Question regarding RMSE computation

Parskatt commented 12 months ago

In the supplementary, the RMSE is written as

While in the code it's computed like this: https://github.com/haoyu94/RoITr/blob/393539d6709c55b2465231cccb7b951f736a5c72/registration/evaluate_registration_c2f_rotated.py#L87

These are not equivalent, as the square root in the code is done before the mean.

Is the correct way the code or the paper?

Parskatt commented 12 months ago

Ok diving deeper into this, it seems no one is actually using RMSE? The approximation used in Predator:

https://github.com/prs-eth/OverlapPredator/blob/770c3063399f08b3836935212ab4c84d355b4704/lib/benchmark.py#L57

Comes from here: http://redwood-data.org/indoor/registration.html

Parskatt commented 12 months ago

Conclusion so far: No one has any idea what metric is being computed lol

Parskatt commented 11 months ago

This is mostly rambling so I'll close it

yaorz97 commented 11 months ago

I am also confused by this point. Many works, such as CoFiNet, GeoTransformer, follow Predator to compute approximation RMSE. However, the evaluation metric RR for rotated 3DMatch seems to be different from 3DMatch?

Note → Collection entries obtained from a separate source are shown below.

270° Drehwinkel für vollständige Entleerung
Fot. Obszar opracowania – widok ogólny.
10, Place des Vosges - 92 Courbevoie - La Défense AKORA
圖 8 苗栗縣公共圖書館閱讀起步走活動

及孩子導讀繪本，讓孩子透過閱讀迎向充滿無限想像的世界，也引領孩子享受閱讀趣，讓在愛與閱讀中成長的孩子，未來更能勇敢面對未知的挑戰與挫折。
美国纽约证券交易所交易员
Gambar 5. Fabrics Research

Parskatt commented 11 months ago

@Pterosaur-Yao yes, although I think the rotated metric makes a lot of sense. Basically the average distance. But of course it makes it hard to compare the rotated and non rotated versions.

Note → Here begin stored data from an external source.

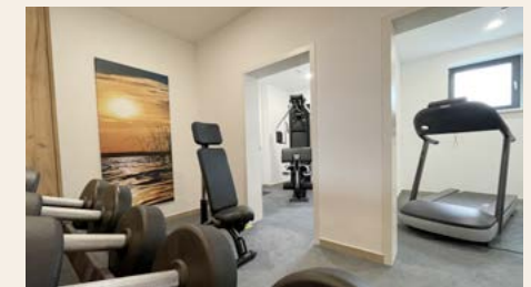
Fitnessbereich im Seehotel
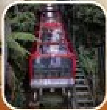
ดูทิวทัศน์จากรถไฟไอน้ำ
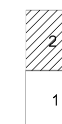
Схема расположения планшетов
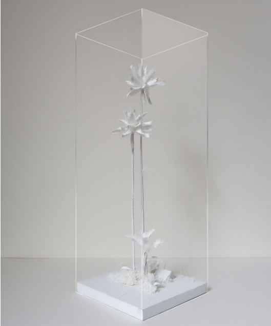
Del camino 02 Escultura de Papel 50 x 17 x 17 cm 2023 Precio: $5.350.000
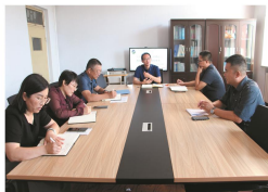
团结务实的领导班子

yaorz97 commented 11 months ago

@Parskatt hello, have you tested RoITr on rotated 3DMatch with approximation RMSE? I find that computing approximation RMSE requires the relative error between estimated and ground-truth transformations, so we can compute the RR of rotated dataset with the same metric?

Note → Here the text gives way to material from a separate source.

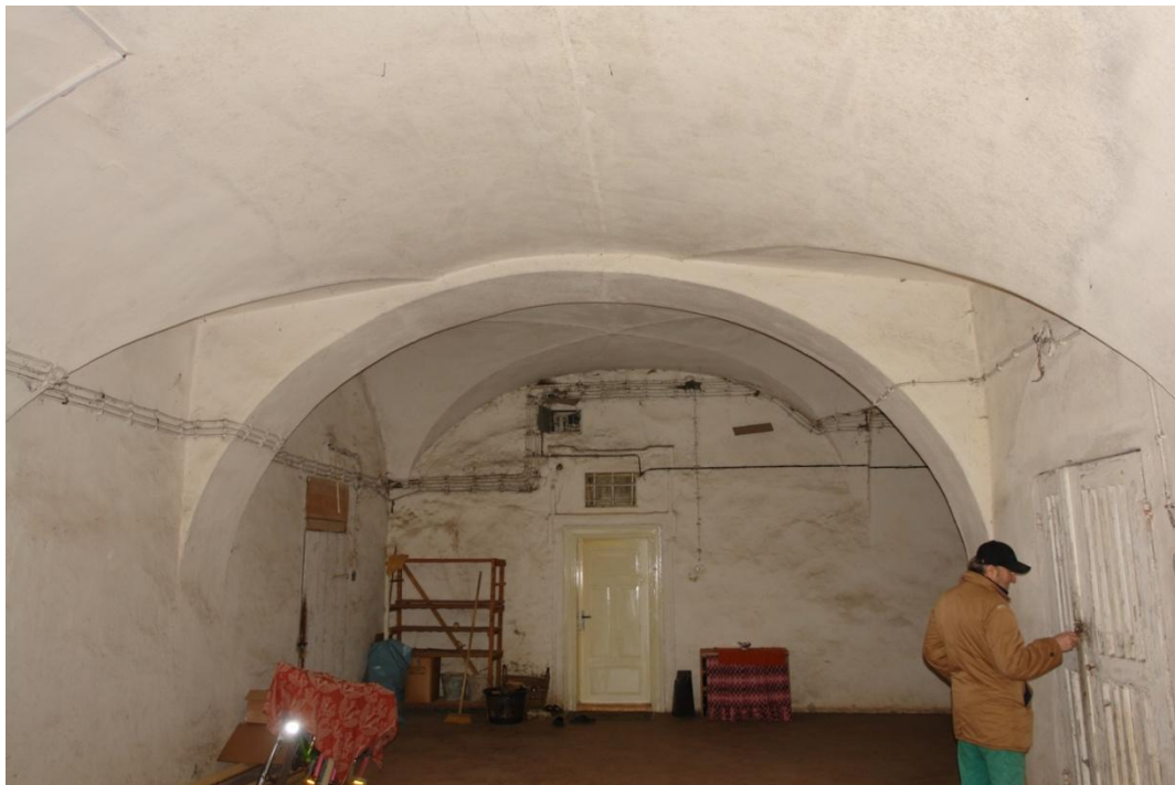
obr. 1 – první suterén

p = computeTransformationErr(np.linalg.inv(gt[gt_idx, :, :]) @ pose, gt_info[gt_idx, :, :])

Parskatt commented 11 months ago

@Pterosaur-Yao I haven't tried, no, let me know the results :)

yaorz97 commented 11 months ago

@Parskatt I may test it later because I found a significant drop when testing GeoTransformer on rotated 3DMatch under approximation RMSE.

Parskatt commented 11 months ago

@Pterosaur-Yao that makes sense since roitr increases performance about 3 points on rotated. What numbers did you get for geotransformer, about 68-69?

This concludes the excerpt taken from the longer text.